**WHAT YOU WILL DO:**
Only the lines from the beginning of the entries through the one that holds "48 pcs Fall" may appear in the answer, written out exactly and free of pictures.

Items from a dataset
- Opening Delimiter -
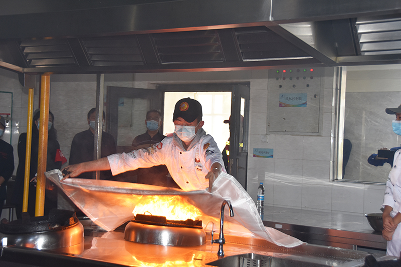在油锅灭火演练中,云南华铄消防安全职业培训学校教学部主任、高级讲师李超为同学们讲授了初期油锅着火的处理方法,重点介绍了灭火毯的使用方法并进行了演练;同学们饶有兴致地参加了灭火毯扑灭油锅起火的演练。
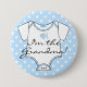This adorable badge or pin back button tells all your baby shower guests "I'm the Grandma". Blue and white polka dots background with a blue baby onsie jumper t-shirt outfit thingy, and a cute blue fish. Customize this badge for all family relatives! Perfect for sister, aunt, great grandmother, God mother or MOMMY! Make one for everyone! This image is available on Baby Shower Invitations, address labels, stickers, thank you cards, guest book and tote bags! Please visit my store "The Hungarican Princess" at www.zazzle.com/hungaricanprincess* and look in my "Oh Baby" category department.
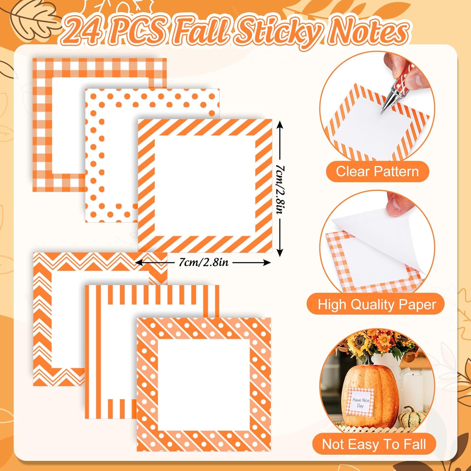 48 pcs Fall Stationery Set Orange-White Autumn Plaid Polka Dot Wave Line Sticky Note Pads with Ballpoint Writing Pens for Autumn Harvest Thanksgiving Party Favors Supplies
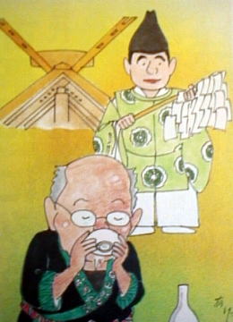 ◆神崎宣武・日本酒コラム集、日本酒で乾杯!より転記、ご案内しております。 ◆酒とまつりと日本人:カミに供え、カミと飲む酒◆「お神酒あがらぬカミ(神)はなし」という。日本のまつりでは、酒が不可欠である。まず、カミに供え、そのあとそれを下げて人々が相伴する。酒は、カミとヒトとが「相嘗める」最高のごちそうなのである。その儀式を「直会(なおらい)」という。とくに、同じ甕、あるいは樽の酒を飲む。カミとヒトとの親密な関係。それによって、私たちは、カミへの祈願が通じ、カミからのおかげを授かった、とするのである。直会は、日本のまつりの大きな特色である、といってよい。五十串立て、神酒すえ奉る神主部の、雲聚の玉蔭、見ればともしも(『万葉集』巻十三) 『万葉集』には、この種の歌がいくつもある。もっとも古く、酒は、まつりの日にあわせて造られたことが想定できる。なぜそうなのか、その酒を、米を譲した酒と限らなくてもよいが、以前の歴史的な経緯からして、やはり米の酒が主役である。かつて、米は貴重な食材で、米だけでつくったものは、何よりのごちそうであった。酒に限らず、白い餅も白い飯も、まつりの神餞の最上位に供えられる。なかでも酒は、もっともて手間のかかる工程を経ており、最上のごちそうとされたのである。お神酒を下げての直会が、まだ各地のまつりによく伝わる。現在のところ、ビールやワインを神餞とする例は皆無に等しかろう。が、まてよ。お神酒は神前に供えたままで、はじめからビールをすすめるまつりの後座を最近見たことがある。それは、直会というほどにあらたまった席ではなかったが、年長者の誰もが意義を唱えなかったのは不思議なことであった。 ■お酒はこだわりの酒屋キシモトでお買求めを!! ■お酒はこだわりの酒屋キシモトもばいるでお買求めを!!
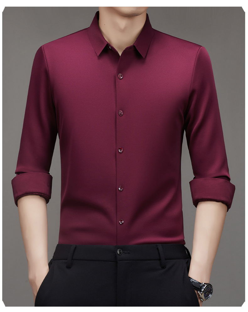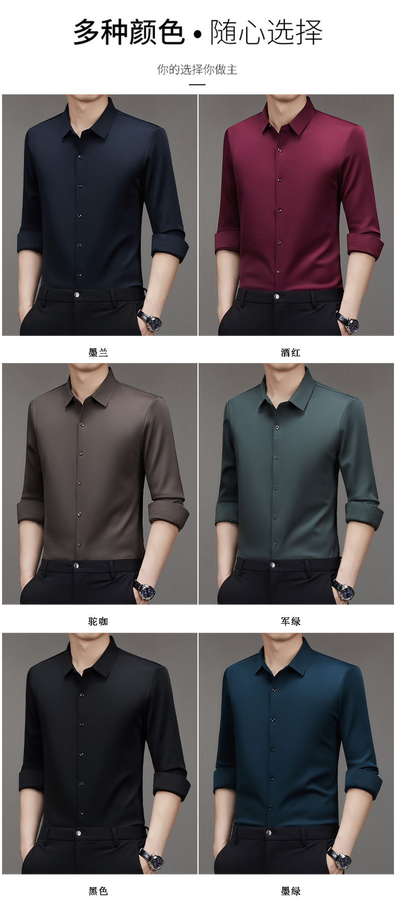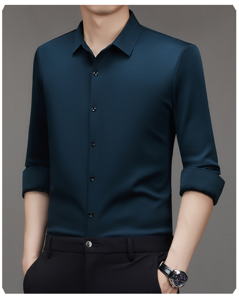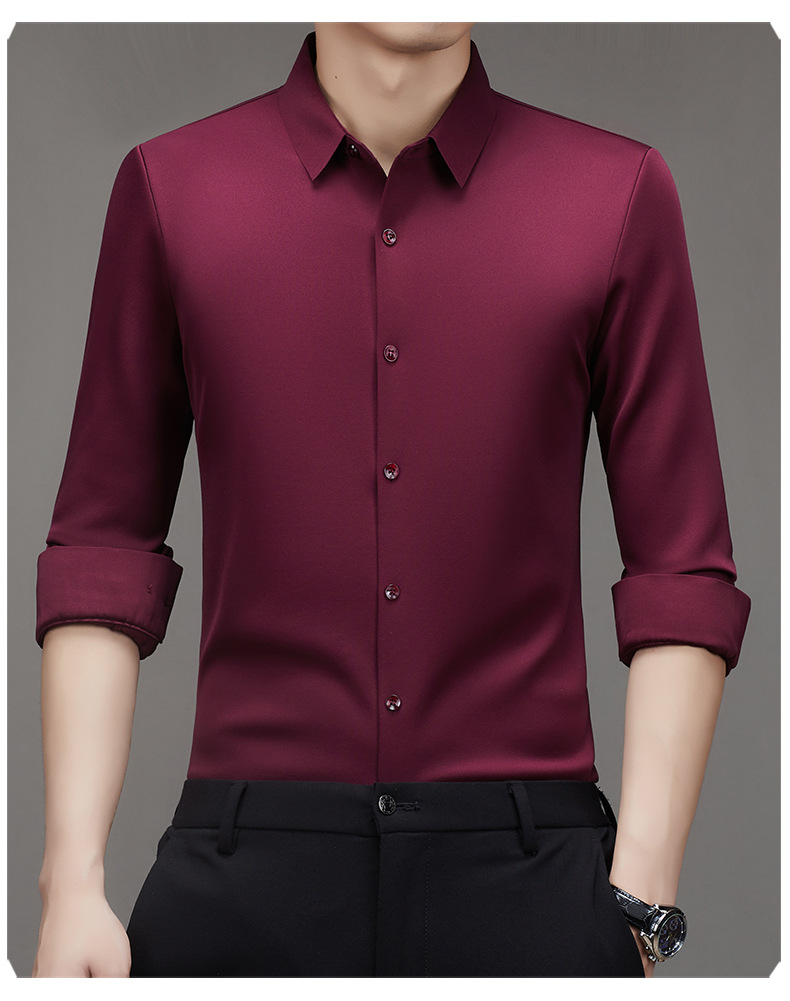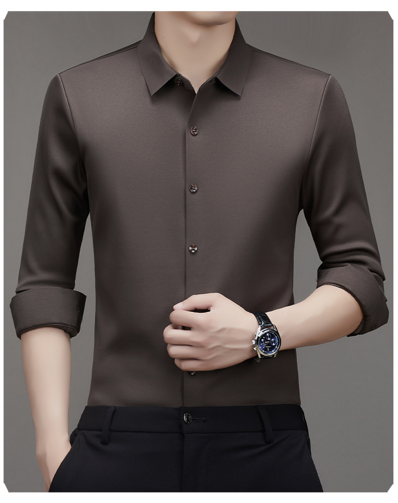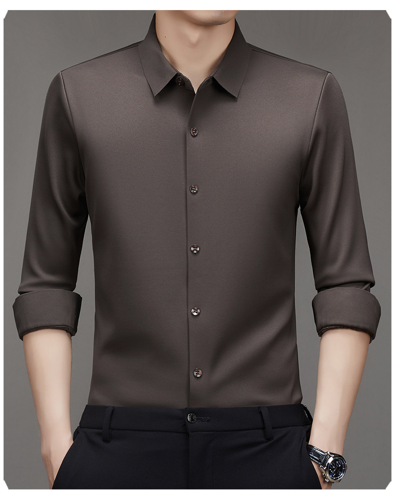최고급 가을과 겨울 쓰레기 셔츠 트레이드리스 셔츠 뽕나무 실크 긴팔 셔츠 다림질 비 다림질 탄성 기모 두꺼운 남성복
- Closing Delimiter -
**ANSWER AREA:**
在油锅灭火演练中,云南华铄消防安全职业培训学校教学部主任、高级讲师李超为同学们讲授了初期油锅着火的处理方法,重点介绍了灭火毯的使用方法并进行了演练;同学们饶有兴致地参加了灭火毯扑灭油锅起火的演练。
This adorable badge or pin back button tells all your baby shower guests "I'm the Grandma". Blue and white polka dots background with a blue baby onsie jumper t-shirt outfit thingy, and a cute blue fish. Customize this badge for all family relatives! Perfect for sister, aunt, great grandmother, God mother or MOMMY! Make one for everyone! This image is available on Baby Shower Invitations, address labels, stickers, thank you cards, guest book and tote bags! Please visit my store "The Hungarican Princess" at www.zazzle.com/hungaricanprincess* and look in my "Oh Baby" category department.
 48 pcs Fall Stationery Set Orange-White Autumn Plaid Polka Dot Wave Line Sticky Note Pads with Ballpoint Writing Pens for Autumn Harvest Thanksgiving Party Favors Supplies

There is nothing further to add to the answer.